The wristband of a wristwatch according to claim 1, wherein said terminal comprises at least one of: a wearable measuring device, a mobile phone, a tablet computer, a computer, and a device with a touch screen.
The wristband of a wristwatch according to claim 4, wherein the wristband of the wristwatch further comprises: a power module for at least one of the wristband of the wristwatch, the wristband of the wristwatch, and the wearable measuring device A type of power supply.
A wearable communication system, comprising: a wristwatch wristband and a terminal having a touch screen;

When the wristband of the watch surrounds the wrist, the terminal is configured to detect a first input event, and in response to the first input event, the terminal sends a blood pressure measurement instruction to the watch through a short-range communication protocol a wristband; receiving and displaying a first blood pressure value sent by the wristband of the watch;

The wristband of the watch is configured to receive a blood pressure measurement command sent by the terminal, and in response to the blood pressure measurement instruction, the wristband of the wristwatch controls the wristband of the watch to measure a physiological signal by using an oscillometric method according to the measurement instruction.
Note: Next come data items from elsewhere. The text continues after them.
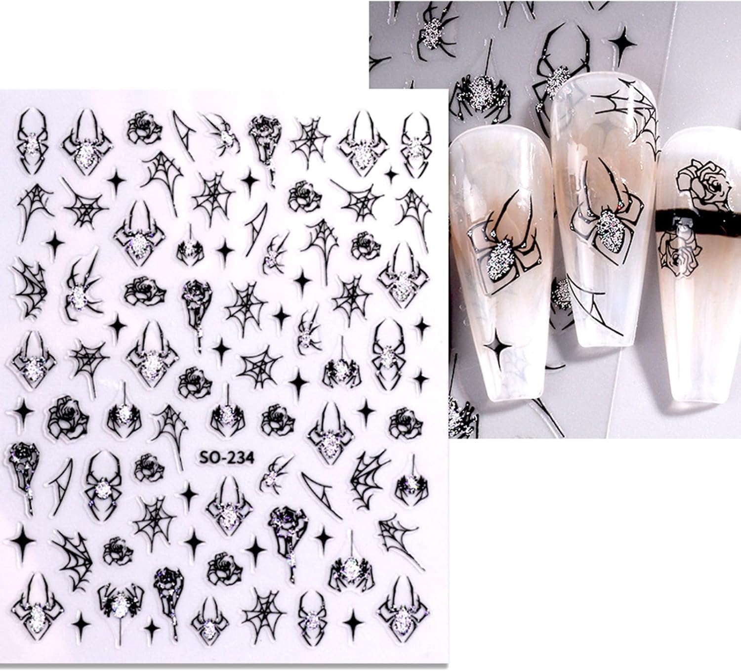 6 Sheets Halloween Nail Stickers Gold Silver Nail Decals for Nail Art Glitter Spider Nail Decals Spider Web Rose Stars Love Heart Design Nail Art Stickers for Women Girls DIY Nail Decorations
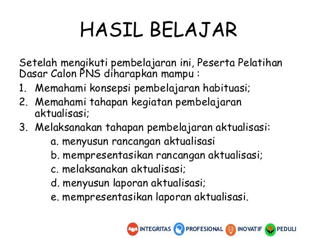 Bahan Tayang Diklatsar Konsepsi Aktualisasi Gol Iii 2018 from image.slidesharecdn.com Peserta yang diuji dari berbagai bidang, pendidikan, kesehatan, infokom. Diploma empat digital theodolit : Video laporan aktualisasi dan habituasi latsar cpns golongan iii tahun 2019 kementerian agama propinsi jawa. Melaksanakan aktualisasi dan penyusunan laporan aktualisasi tahap aktualisasi di tempat kerja, yaitu pembelajaran aktualisasi yang dilaksanakan di nah demikian sekilas mengenai aktualisasi dalam latsar bagi cpns, sebenarnya masih banyak pembahasan lain terkait latsar cpns. Kepala bagian humas kementerian atr/bpn harison mokodompit mengatakan formasi cpns terbaru diperuntukkan untuk mengisi posisi di kantor pusat hingga kabupaten/kota. Kementerian atr/bpn membuka peluang bagi 1.700 cpns untuk mengisi 13 (tiga belas) jabatan. Video presentasi laporan aktualisasi pelatihan dasar cpns golongan iii angkatan ii ppsdm regional bukittinggi nama Kementerian atr/bpn meraih penghargaan karena inisiasinya dalam melakukan terobosan kebijakan dalam menerapkan layanan pertanahan digital berstandar dunia.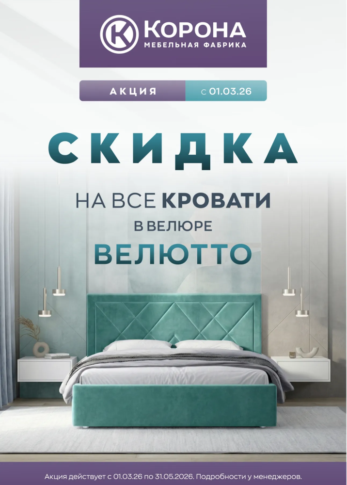 - Скидка распространяется на все кровати ТМ «Корона» в ткани «Velutto»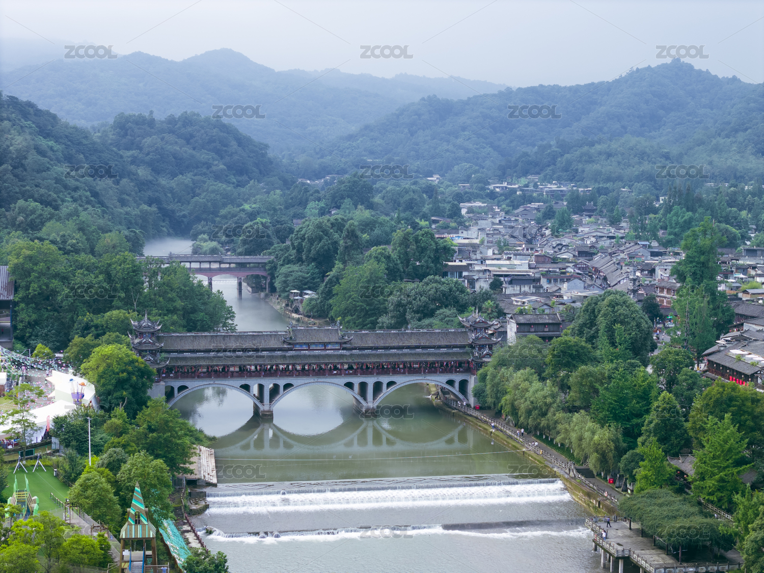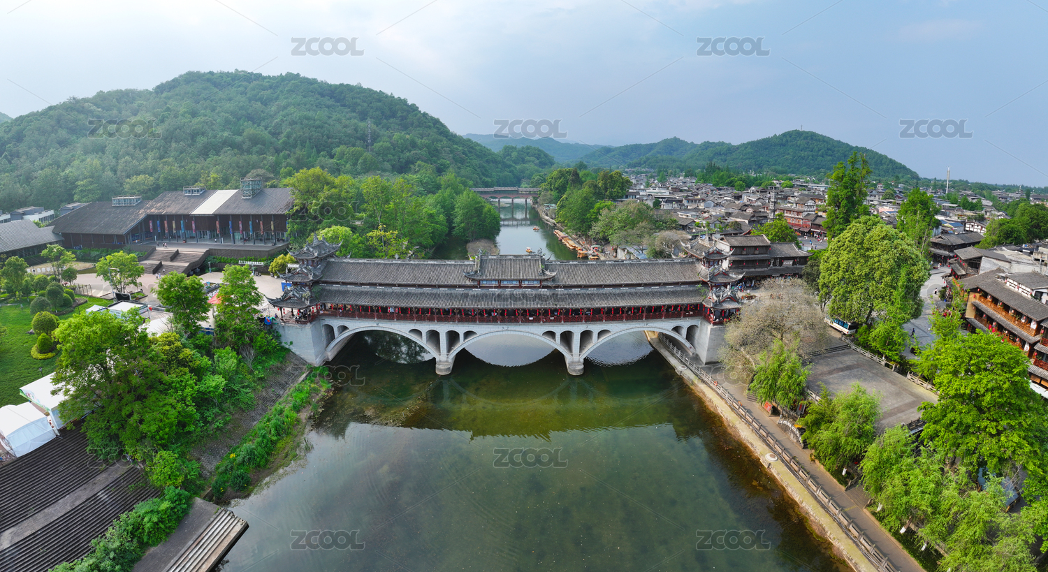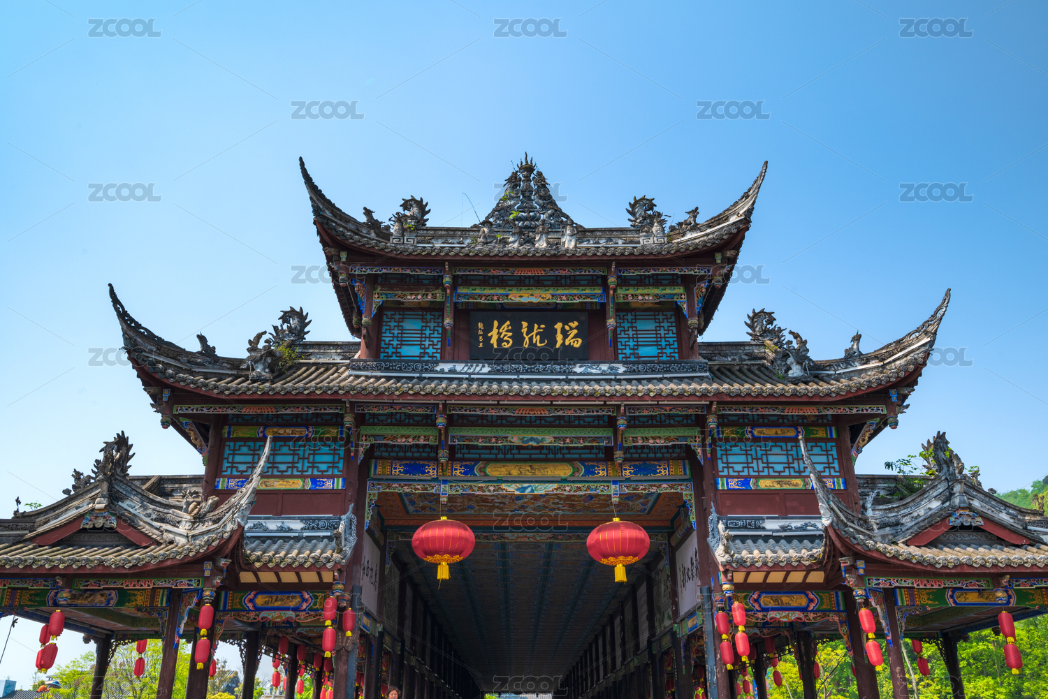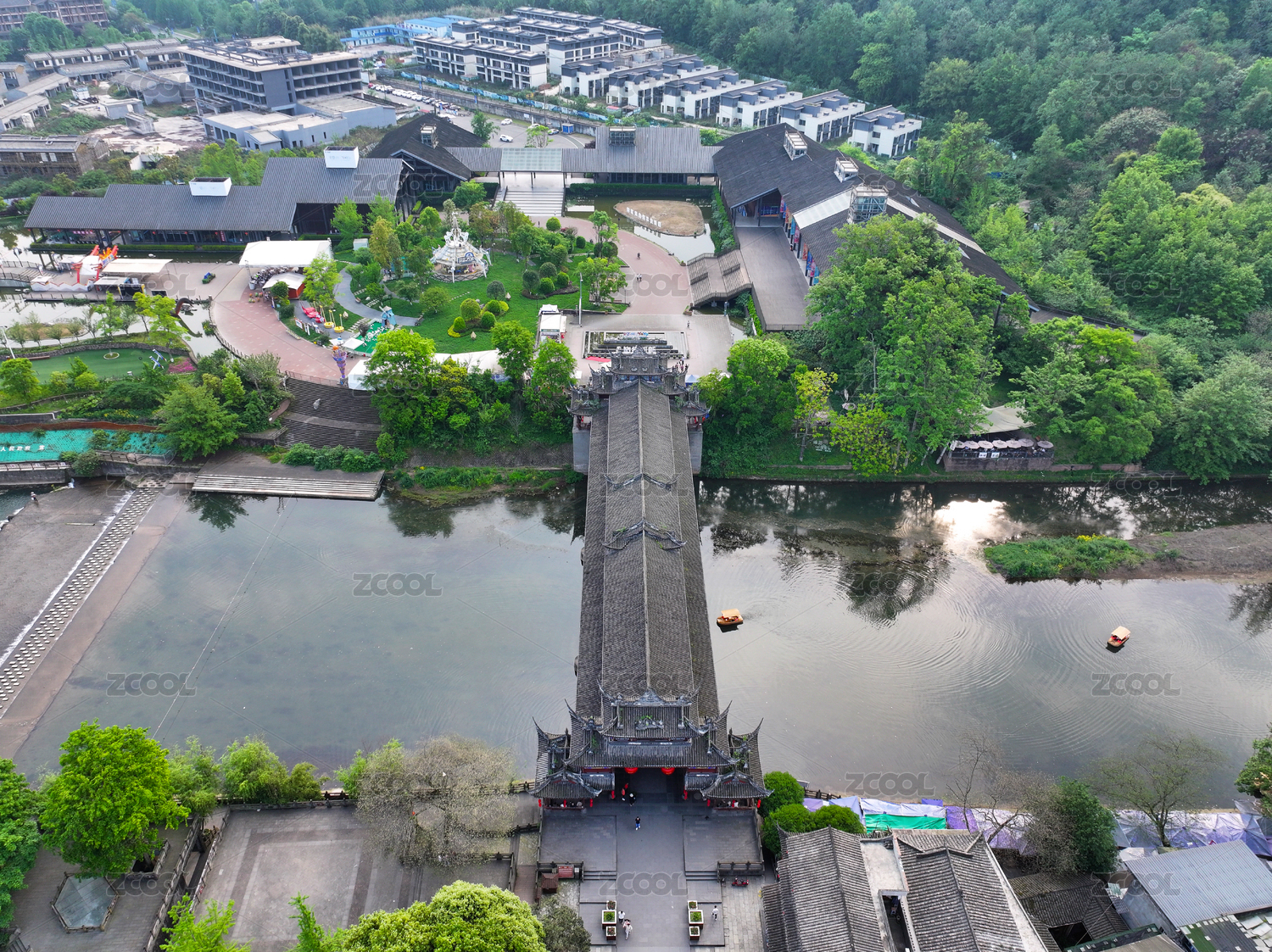 四川崇州市街子古鎮(zhèn)瑞龍橋白晝晴天
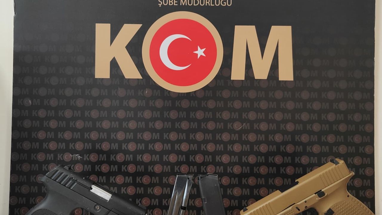 Adreslerde yapılan aramalarda 2 ruhsatsız tabanca, 2 şarjör ve 8 fişek ele geçirildi.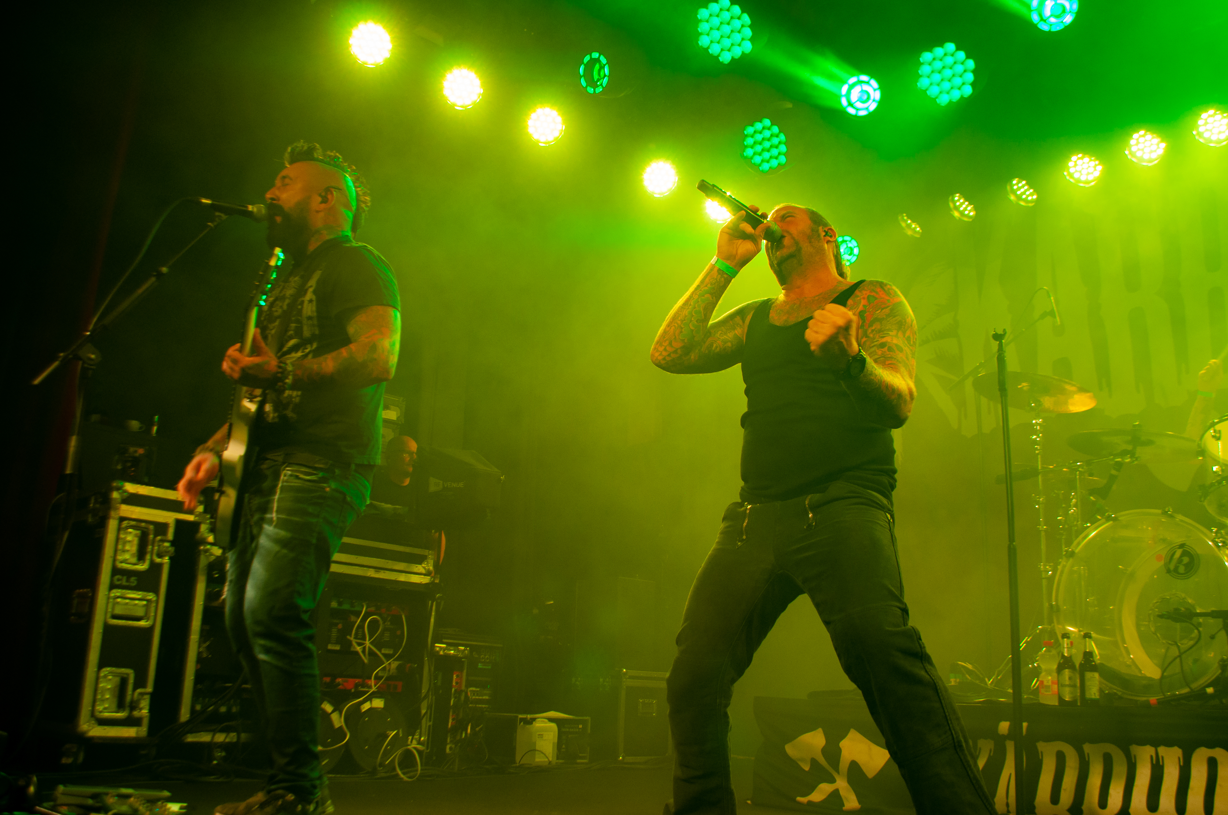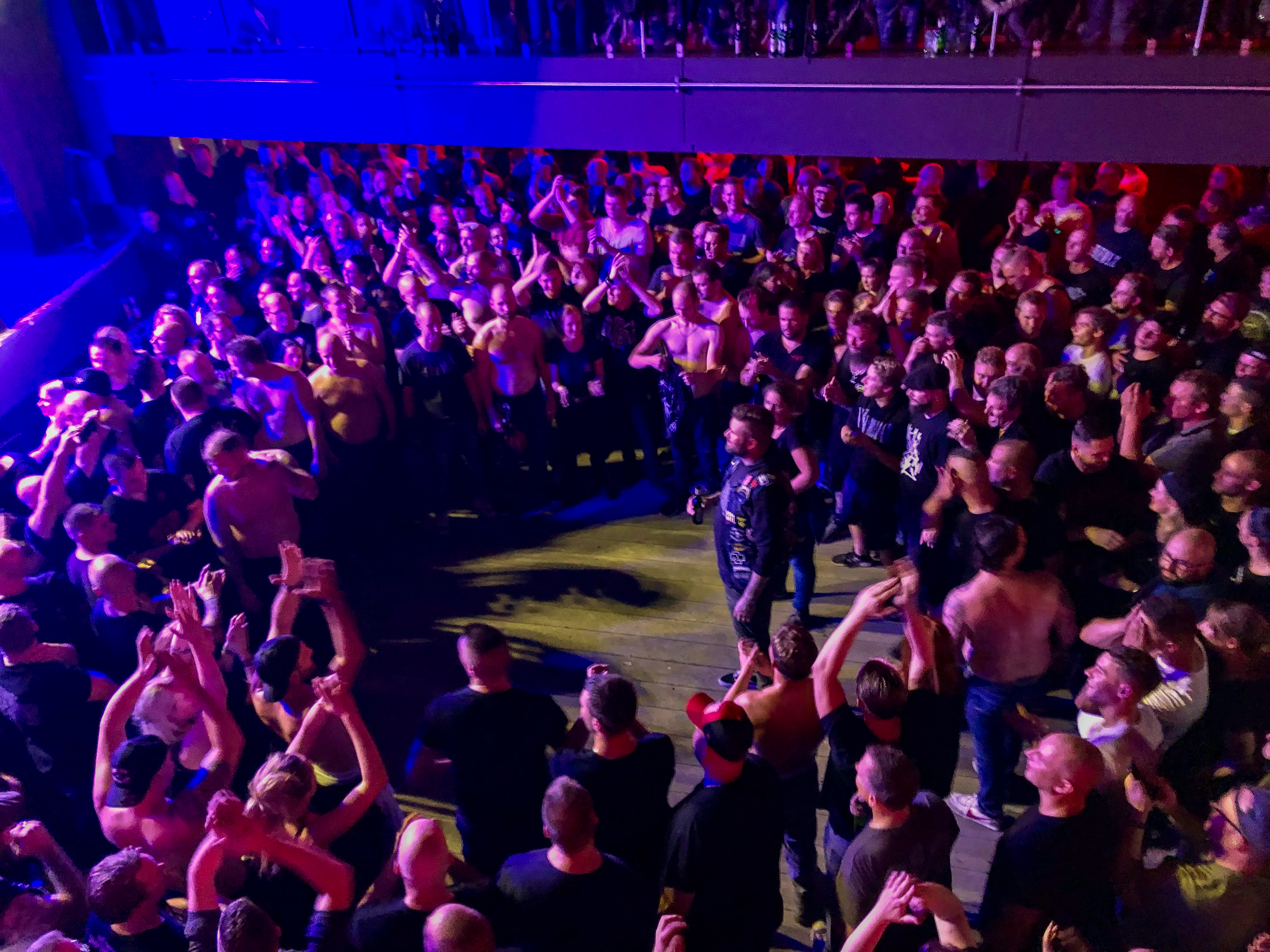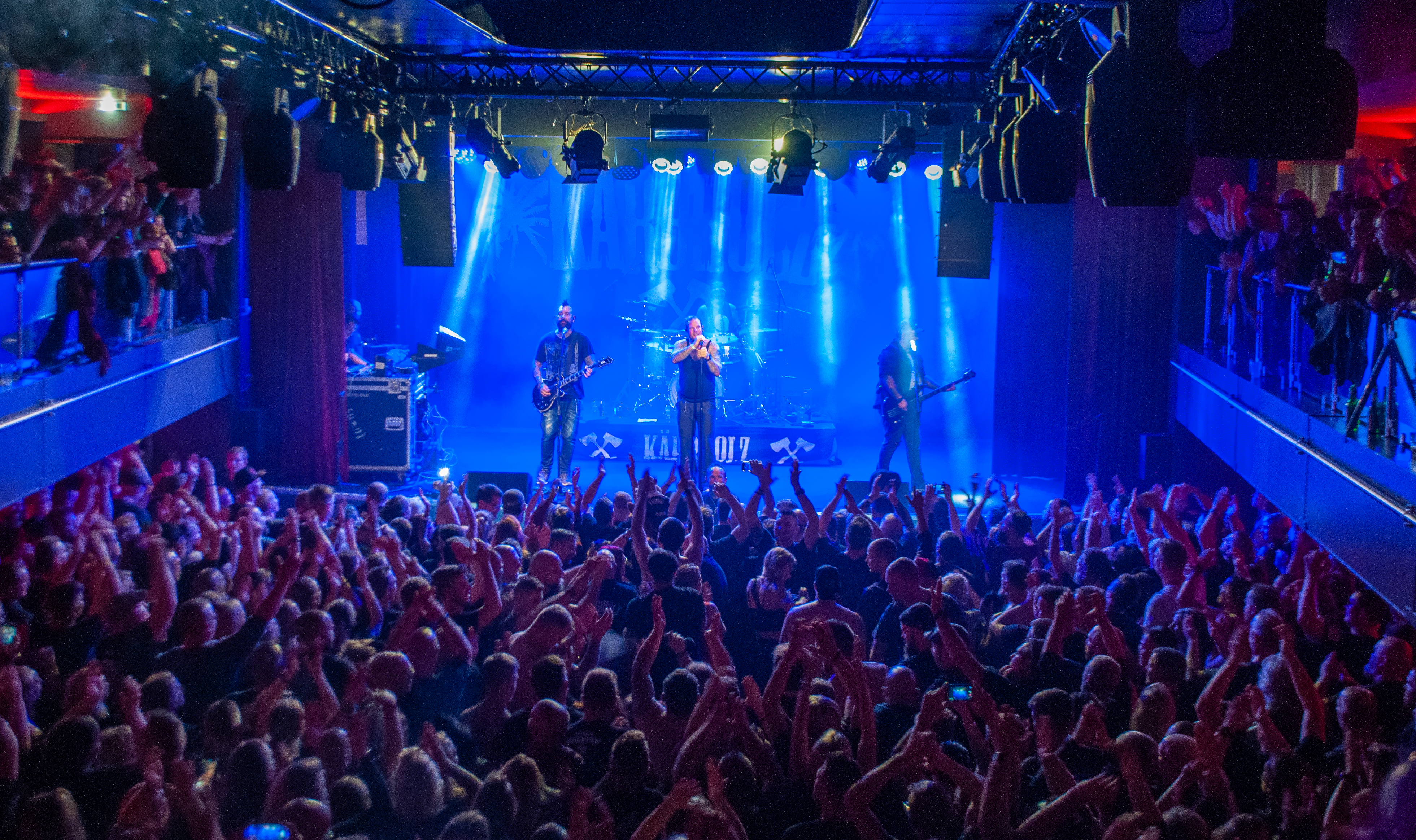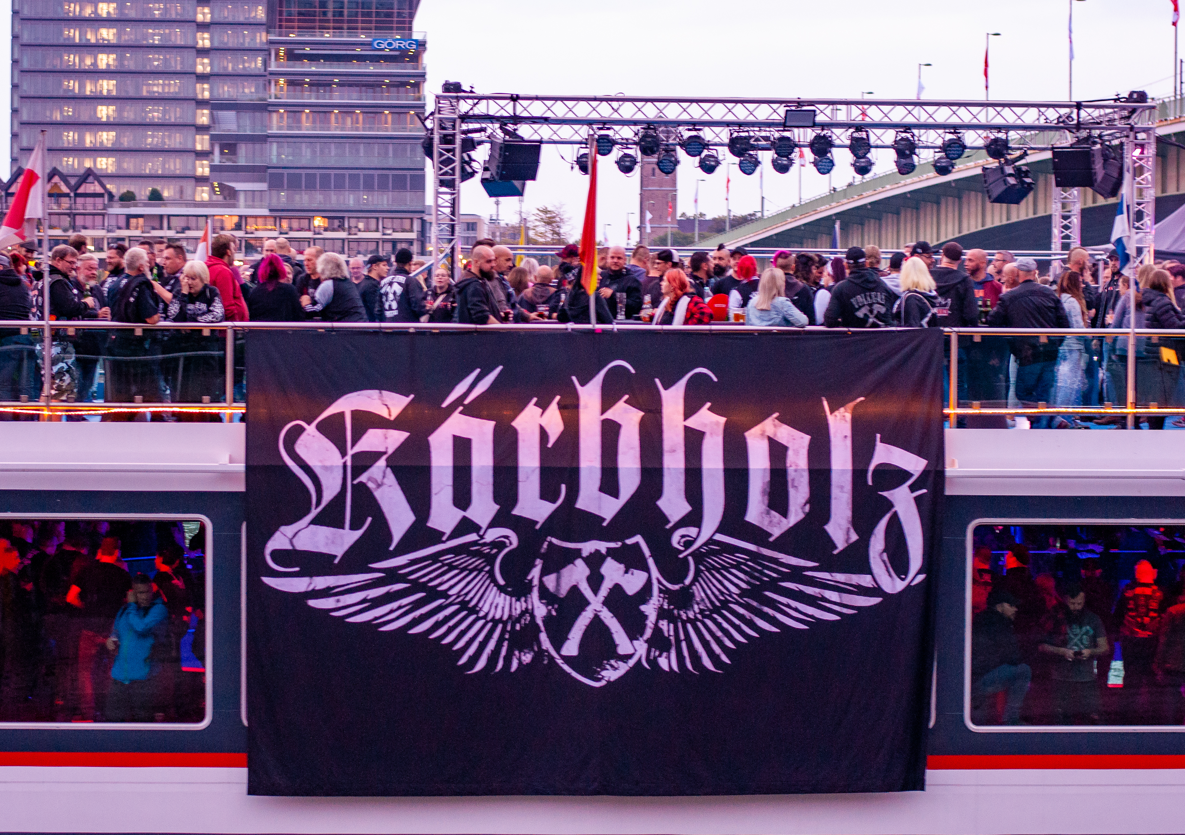 Ich erreiche die Kölner Altstadt, laufe über Kopfsteinpflaster die kleinen Gassen hinunter, vorbei an den Steilgiebelhäusern zum Rhein, und erblicke zwei Ausflugsschiffe. Kurz erschrecke ich mich ob des Klientels in feschen Lederhosen, welches „Lalala Layla“ singt. Zum Glück gehen die Jungs zum Nachbar-Schiff, auf dem ein Oktoberfest stattfindet. Gleich nebenan ist weitaus mehr los, denn hier heißt es heute Abend „Volldampf Rock’n’Roll“. Überall Menschen mit gekreuzten Äxten auf den Shirts; auf Deck tummelt sich die treue KÄRBHOLZ-Anhängerschaft. Es wird gesoffen und gegrölt. Ich kenne die Band eher flüchtig, was erwartet mich heute Abend? Eine coole Rockshow oder eher beliebiger Plattitüden-Rock? Für mich persönlich liegt die Wahrheit dazwischen: Ein gutes Rockkonzert bieten KÄRBHOLZ alle Male; die Mucke ist mir teilweise zu pathetisch und kreist um übliche Themen (Freundschaft und so) gespickt mit Durchhalteparolen und romantischer Kameradschaftlichkeit. Das ist natürlich Geschmackssache und muss an dieser Stelle gar nicht vertieft werden, denn das Quartett aus Ruppichteroth hat heute Abend richtig Bock die Sau rauszulassen. Nachdem der Kahn pünktlich um 20 Uhr in See sticht und der Kapitän sein nautisches Horn ertönen lässt, wird der Konzertsaal im unteren Teil des Schiffes geöffnet und allseits ist Vorfreude zu vernehmen. Im Jahr 2021 wurde die Trinkfreudigkeit der Gäste unterschätzt, offenbar war man eher Piccolo-nippende Andrea Berg-Fans gewöhnt. So war schon vor Konzert-Beginn der kölsche Gerstensaft ausverkauft. Dieses Jahr wurde in weiser Voraussicht großzügig kalkuliert.

Determining, according to the physiological signal, the first blood pressure value, and transmitting the first blood pressure value to the terminal;

The terminal is further configured to: store the first blood pressure value, and record the first blood pressure value as a calibration parameter;

When the calibration parameter is within a preset effective period, the terminal further measures a physiological parameter by using a non-oscillometric method, and determines a second blood pressure value according to the physiological parameter measured by the non-oscillometric method;

The terminal corrects the second blood pressure value according to the calibration parameter.
The wearable system of claim 6, wherein the non-oscillometric method comprises a continuous non-invasive measurement of blood pressure based on a pulse wave propagation time PTT.
A method of measuring blood pressure, the method being implemented in a wearable system, wherein the wearable system comprises: a wrist watch wristband and a terminal having a touch screen, wherein the method comprises:

The terminal detects a first input event when the wristband of the watch surrounds the wrist;

Responding to the first input event, the terminal transmits a blood pressure measurement instruction to the wristband of the watch through a short-range communication protocol;

Receiving the blood pressure measurement instruction by the wristband of the watch;

In response to the blood pressure measurement instruction, the wristband of the watch controls the wristband of the watch to measure a physiological signal using an oscillometric method according to the measurement instruction, and determine a first blood pressure value by the physiological signal;

The wristband of the watch transmits the first blood pressure value to the terminal to facilitate display by the terminal;

The terminal stores the first blood pressure value, and records the first blood pressure value as a calibration parameter; when the calibration parameter is within a preset effective period, the terminal further measures a physiological parameter by using a non-oscillometric method, The second blood pressure value is determined according to the physiological parameter measured by the non-oscillometric method, and the terminal corrects the second blood pressure value according to the calibration parameter.
A computer readable storage medium comprising instructions which, when executed on a computer, cause the computer to perform the method of claim 8.
A computer program product comprising instructions which, when run on a computer, cause the computer to perform the method as recited in claim 8.